As podcasting grows in scale and notoriety, more and more major companies are making their way into the fiction space. But audio drama is not a new medium by any means — it has its roots in the early days of radio.
We were inspired to run Audio Fiction Week by World Audio Drama Day, which falls on October 30 each year. Its creator, Patience Wieland, is an encyclopedia of knowledge on the form, and she’s written a brief history of audio drama for us. We hope you enjoy — and learn a little something, too.
Happy Audio Fiction Week, and Happy Audio Drama Day for this Saturday — better get the marker out to note next year’s celebration! In 2012, I began developing this idea as a means of supporting — and uniting — audio drama creators across multiple genres and generations.
Since the first observance of Audio Drama Day in 2013, October 30 has been an opportunity to celebrate the entire artform. That means acknowledging the continuity between the “Golden Age of Radio Drama”, what’s been called the “Silver Age” by J. Michael Straczynski, and the most recent “Bronze” and “Platinum” age of later podcasts, broadcasts, and live audio drama on the stage.
After all, audio drama has been around longer than most people realize — and no, I don’t just mean that there have been podcasts for close to two decades. According to historian Elizabeth McLeod’s research, 2022 will be the 100th year that there has been organized, regular audio drama production, led by the WGY Players in upstate New York.
As McLeod notes, experimental productions had been made before actor/director Edward H. Smith approached WGY — a station owned by General Electric in Schenectady, New York. As the technology became accessible, radio had grown in popularity rapidly — that year, the government had already tracked 378 radio stations across the country.
Smith was already leading a community theater troupe in nearby Troy, and convinced station director Kolin Hager that they could adapt a series of plays to his requirements. Beginning with The Wolf in September 1922, the 40-minute plays were extremely popular, and received national coverage in magazines like Radio Broadcast and Radio Digest.
The famous War of the Worlds panic broadcast on October 30, 1938, is by far the most famous early radio drama — and it’s no coincidence I chose its 75th anniversary for the first Audio Drama Day. It is a continuing “gateway listen” and has been adapted by regional producers to their own towns for years. Phoenix, Arizona, however, seems to have been the only city whose War of the Worlds adaptation was followed by a real-life UFO mystery less than two years later.
(Tip: Raised on Radio, by the late drama writer Gerald Nachman, is one of the warmest narratives to help you discover the Golden Age, along with A. Brad Schwartz’s Broadcast Hysteria, a retrospective history based on Schwartz’s exploration of rediscovered War of the Worlds letters to Orson Welles and CBS.)
By the early 1960s, only a few series appeared on American network radio drama — most of the innovative and popular audio dramas, from Jack Benny’s eponymous ‘show about nothing’ to Dragnet, had decamped for television by 1955. Most of these, like Theater Five on ABC, were anthologies.
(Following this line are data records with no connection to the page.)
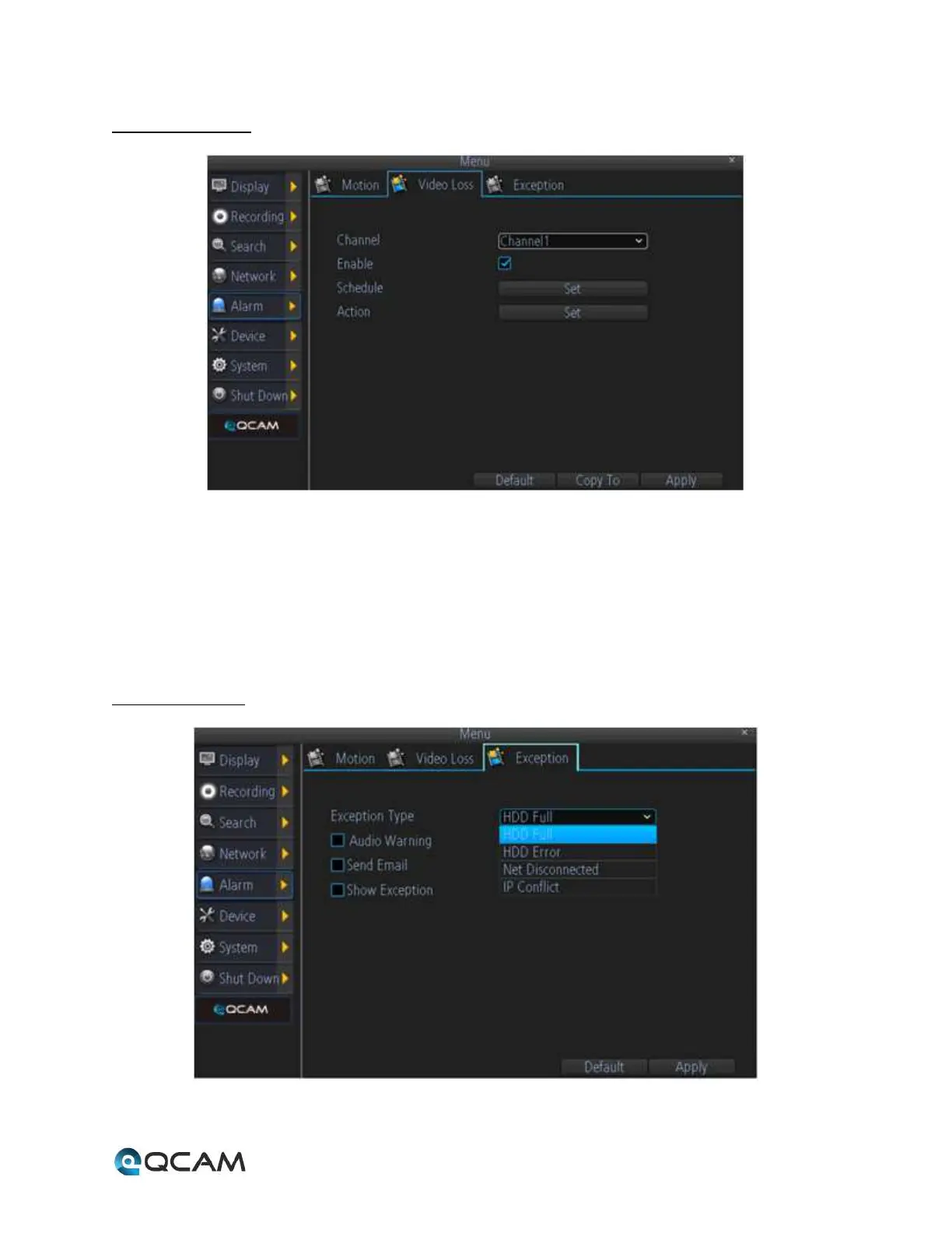 • Enable: This field allows the user to enable video loss detection for the specified channel.
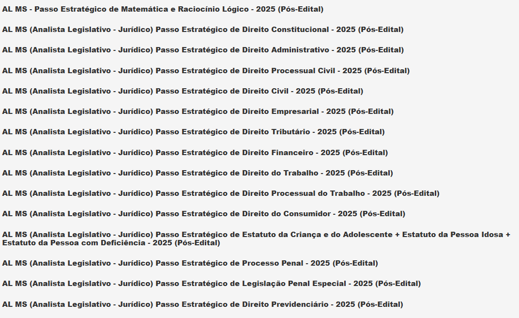 AL MS (Analista Legislativo – Jurídico + Passo) Pós Edital – Estratégia 2025
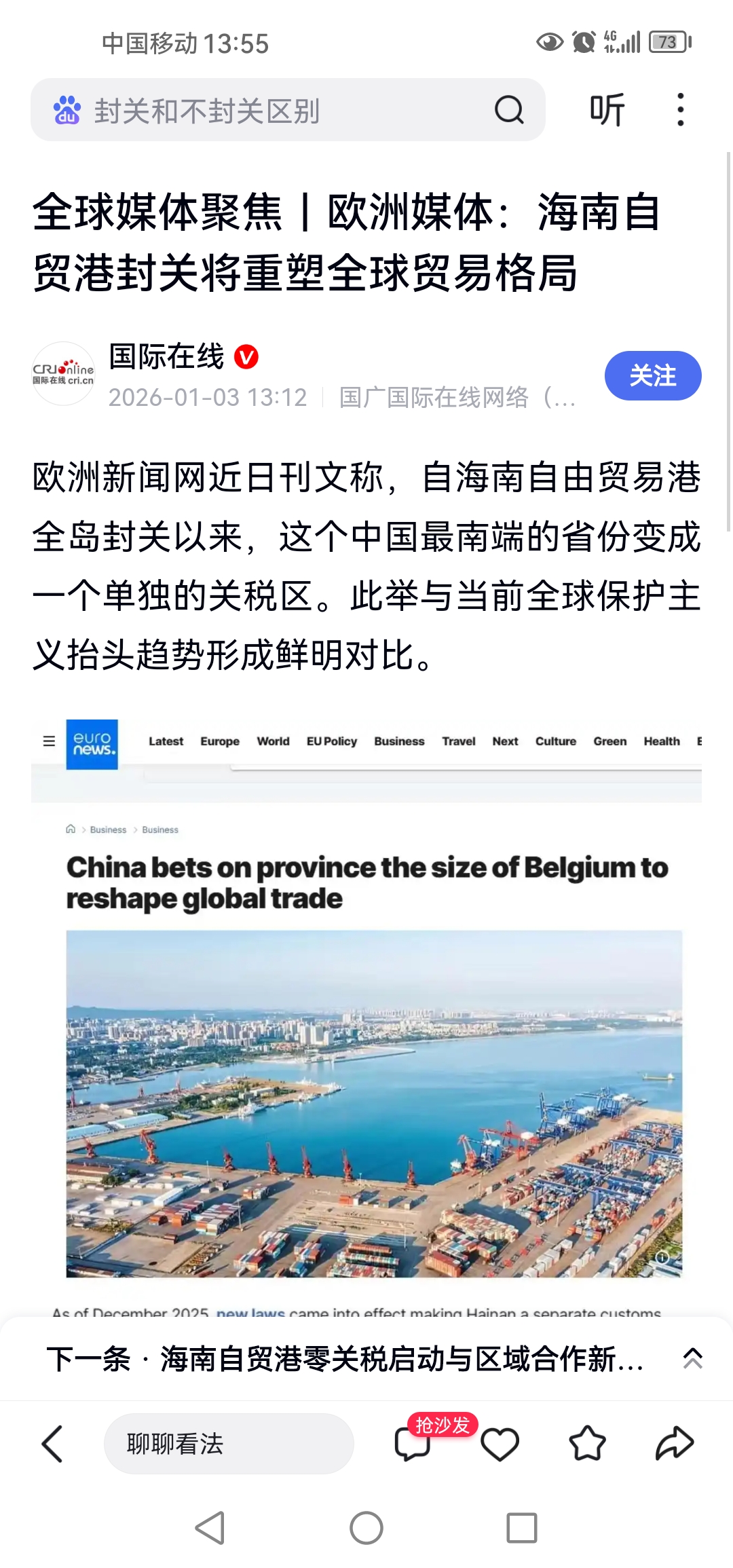 欧洲媒体:海南自贸港封关将重塑全球贸易格局

But the first blockbuster in the Silver Age was CBS Radio Mystery Theatre (CRMT), created by Himan Brown, who had produced Inner Sanctum Mysteries during the 1940s. If you’ve ever guffawed at Elvira or another horror host, or enjoyed Tales from the Crypt, you can thank Inner Sanctum’s attempt to chill and tickle your funny bones at the same time.
With a mix of suspense, paranormal, and science fiction work, CRMT appealed to both older listeners who remembered old time radio, and much younger listeners just discovering audio drama. It also proved there was still an audio drama audience, five nights a week — with almost 1,400 episodes produced during its run.
By contrast, it was kids who were starstruck by, well, Star Wars, a multi-episode adaptation famously produced at USC, George Lucas’s old school, after Lucas offered the rights for $1. This was National Public Radio’s first audio drama mega-hit.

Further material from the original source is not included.